■ **What is being asked**:
Leaving out the pictures, retype exactly the lines from the one holding "- STRONG AND" through the end of the material.

--- Data section Enclosed Below ---

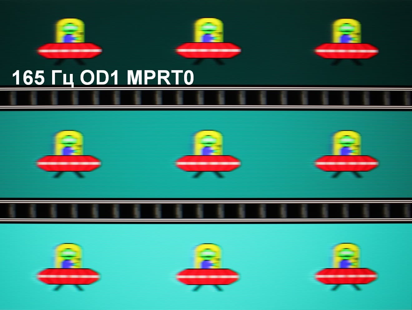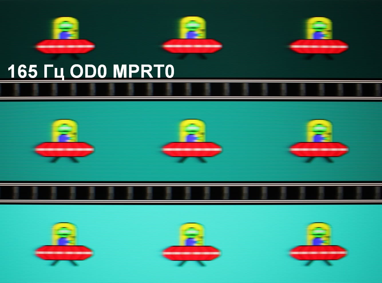 Для наглядного представления о том, что на практике означает такая скорость матрицы, и какие могут быть артефакты от разгона, приведем серию снимков, полученных с помощью движущейся камеры. Такие снимки показывают, что видит человек, если он следит глазами за двигающимся на экране объектом. Описание теста приведено тут, страница с самим тестом тут. Использовались рекомендованные установки (скорость движения 960 пиксель/с для частот обновления 60 и 120 Гц или 990 пиксель/с для 165 Гц, то есть на целое число пикселей за кадр), выдержка 1/15 с. На фотографиях указаны значения частоты обновления, а также включен ли разгон (ODx; x = 0 — 3) и режим вставки темного кадра (MPRTx; x = 0 — выключен, x = 1 — включен).
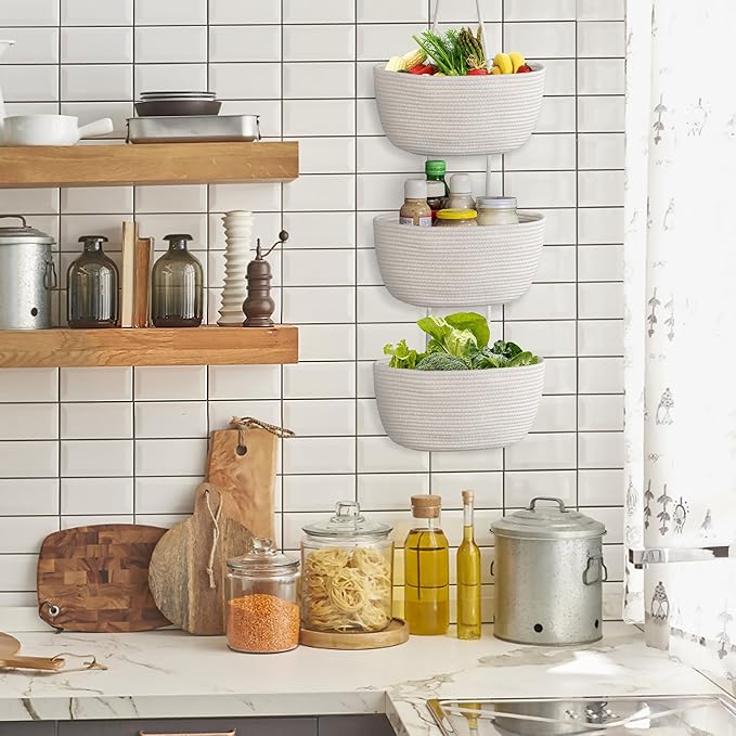 - STRONG AND DURABLE: Hanging rope baskets are made of soft but sturdy woven cotton cord, made by experienced craftsmen who take great care in sewing and detailing, so the hanging 3-tier storage baskets have a strong load-bearing capacity
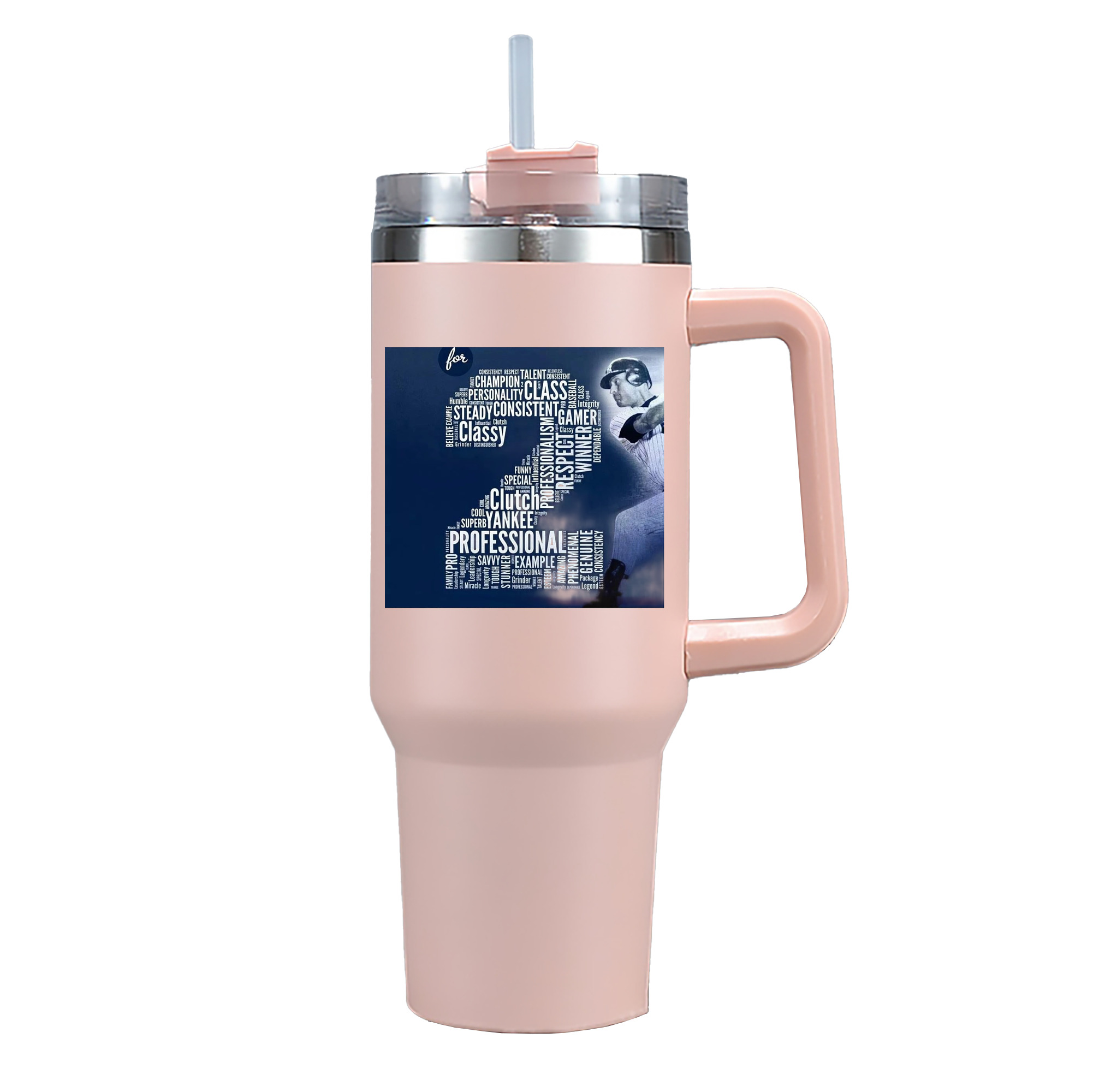 Derek Jeter 10 40oz Handle Car Cup With Crystal Sticker Design – Durable Stainless Steel Travel Mug With Reusable Straw – Double Wall Insulated
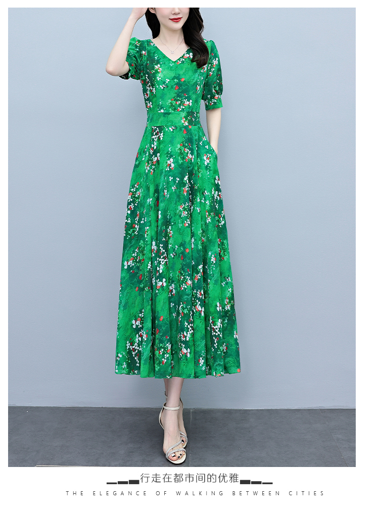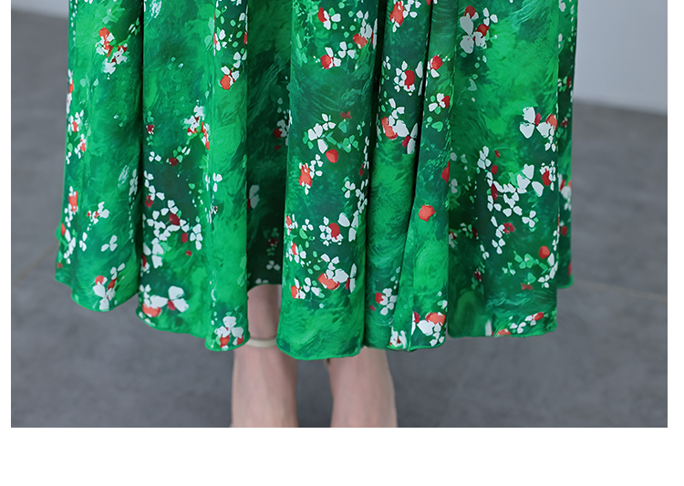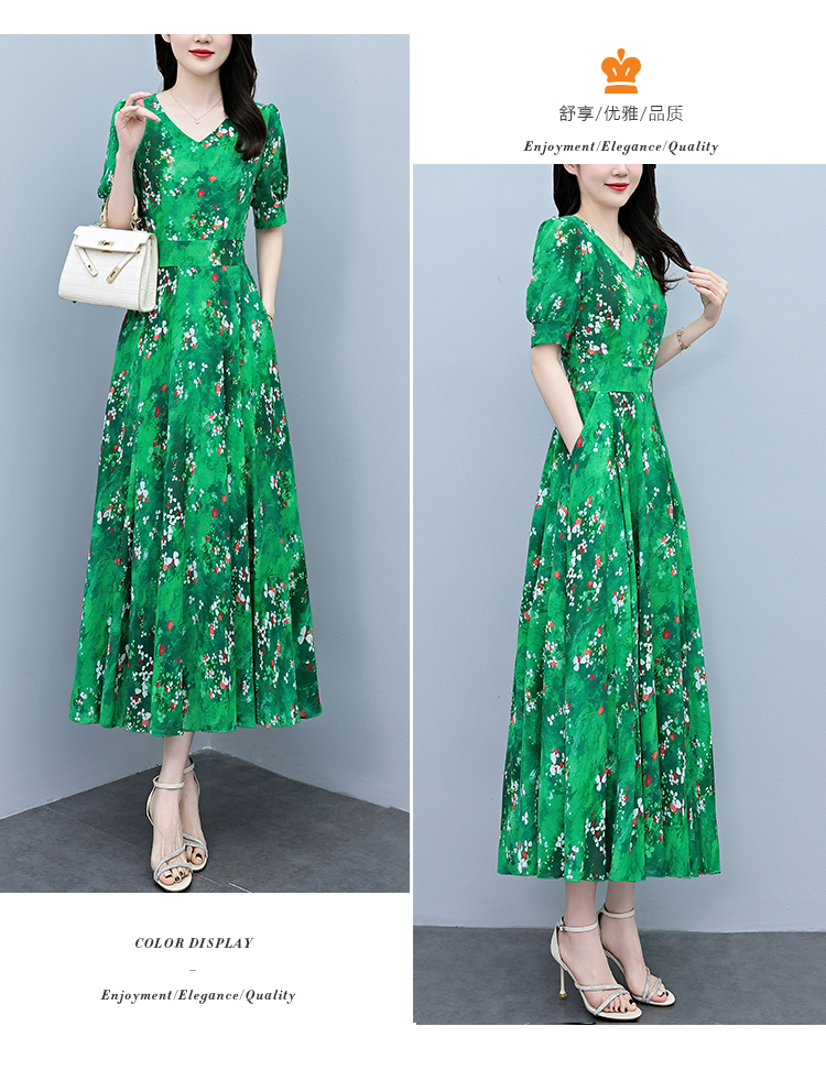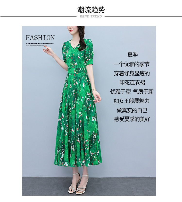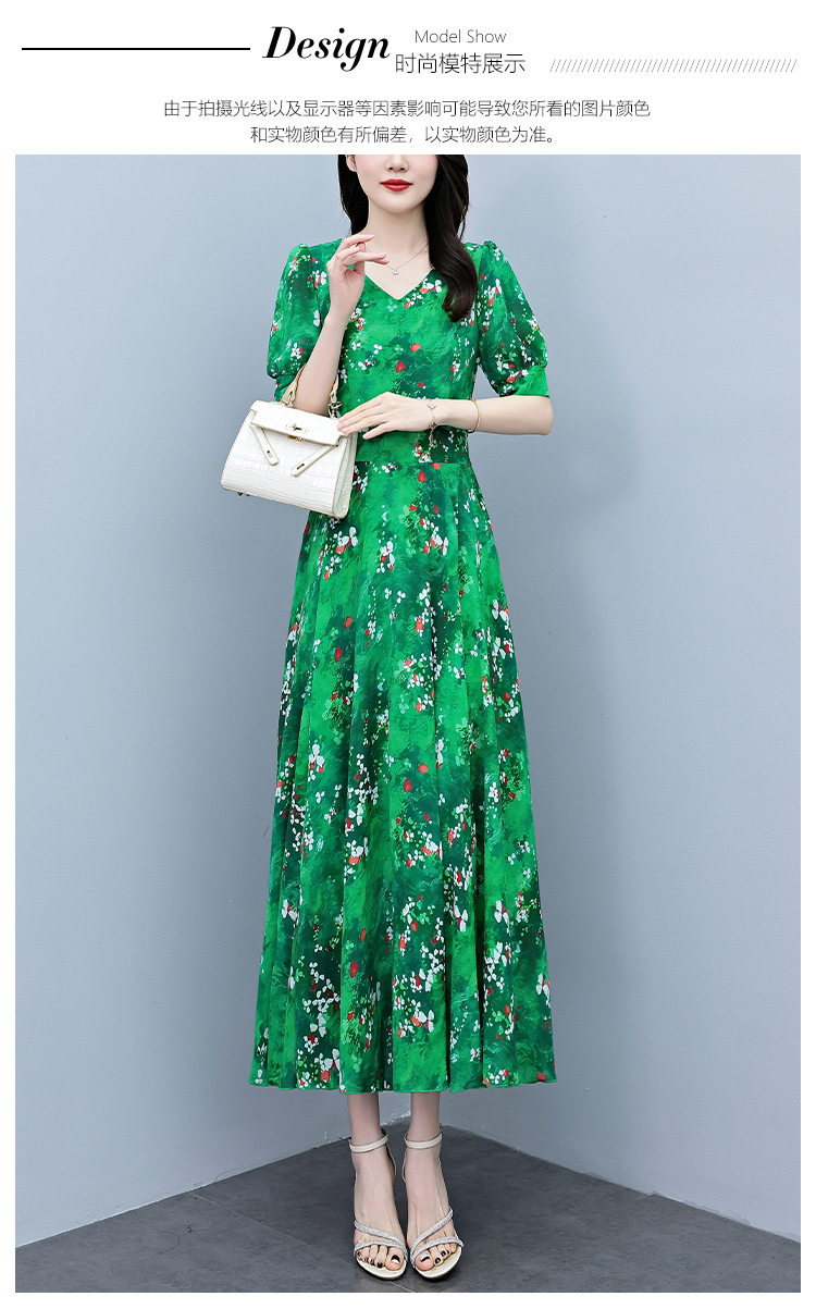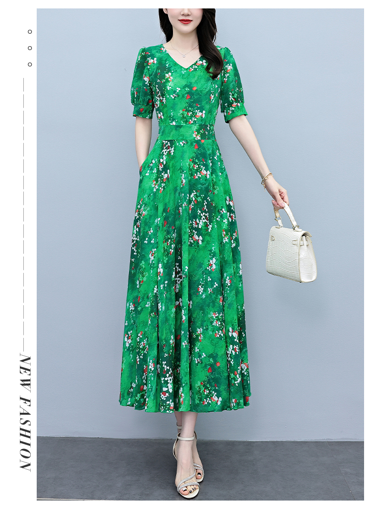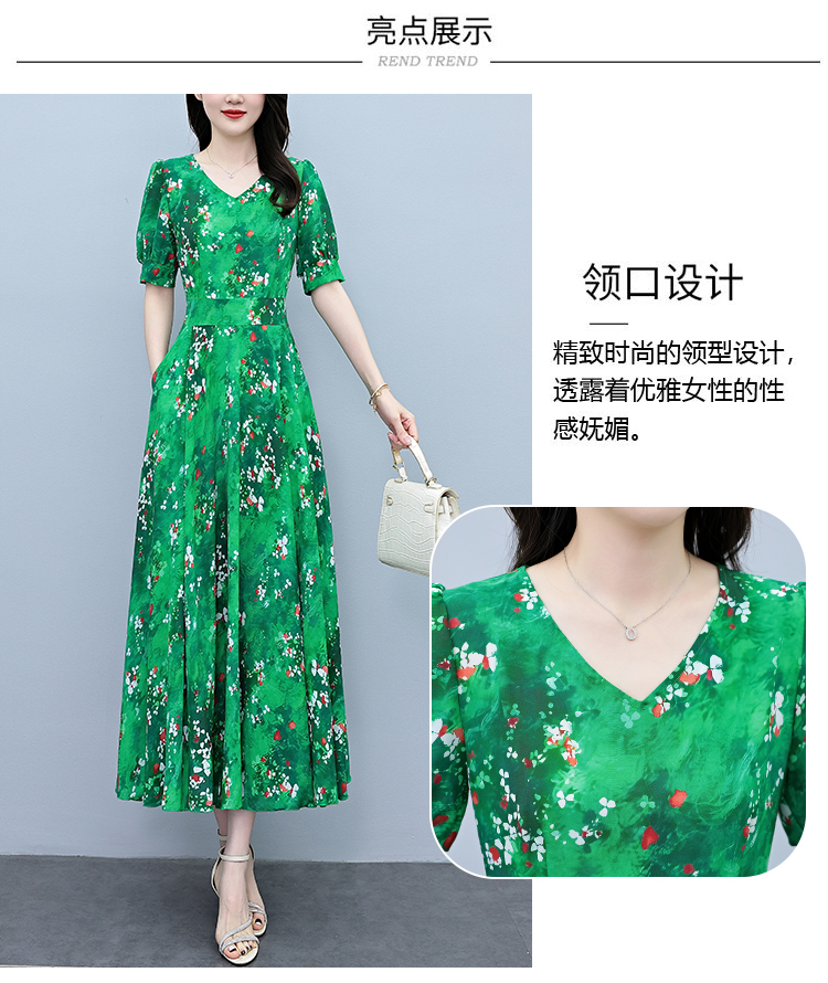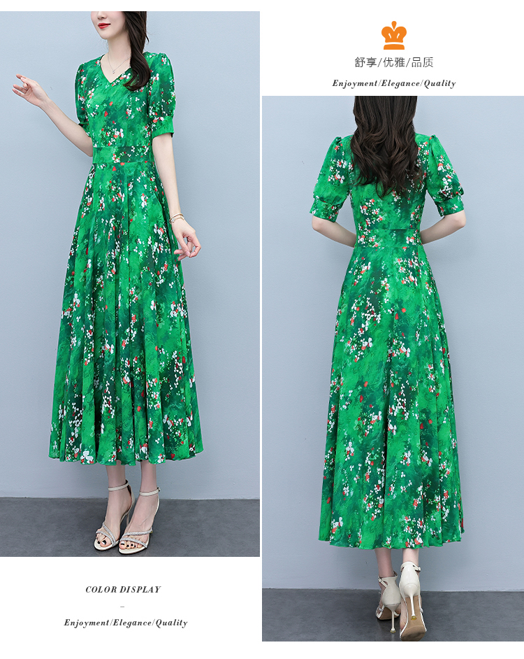 RY3971# 真丝连衣裙女夏长款2026夏季新款缎面大码胖mm收腰显瘦过膝长裙子

--- End of Enclosed Data section ---

■ **Problem solution**:
 - STRONG AND DURABLE: Hanging rope baskets are made of soft but sturdy woven cotton cord, made by experienced craftsmen who take great care in sewing and detailing, so the hanging 3-tier storage baskets have a strong load-bearing capacity
 Derek Jeter 10 40oz Handle Car Cup With Crystal Sticker Design – Durable Stainless Steel Travel Mug With Reusable Straw – Double Wall Insulated
 RY3971# 真丝连衣裙女夏长款2026夏季新款缎面大码胖mm收腰显瘦过膝长裙子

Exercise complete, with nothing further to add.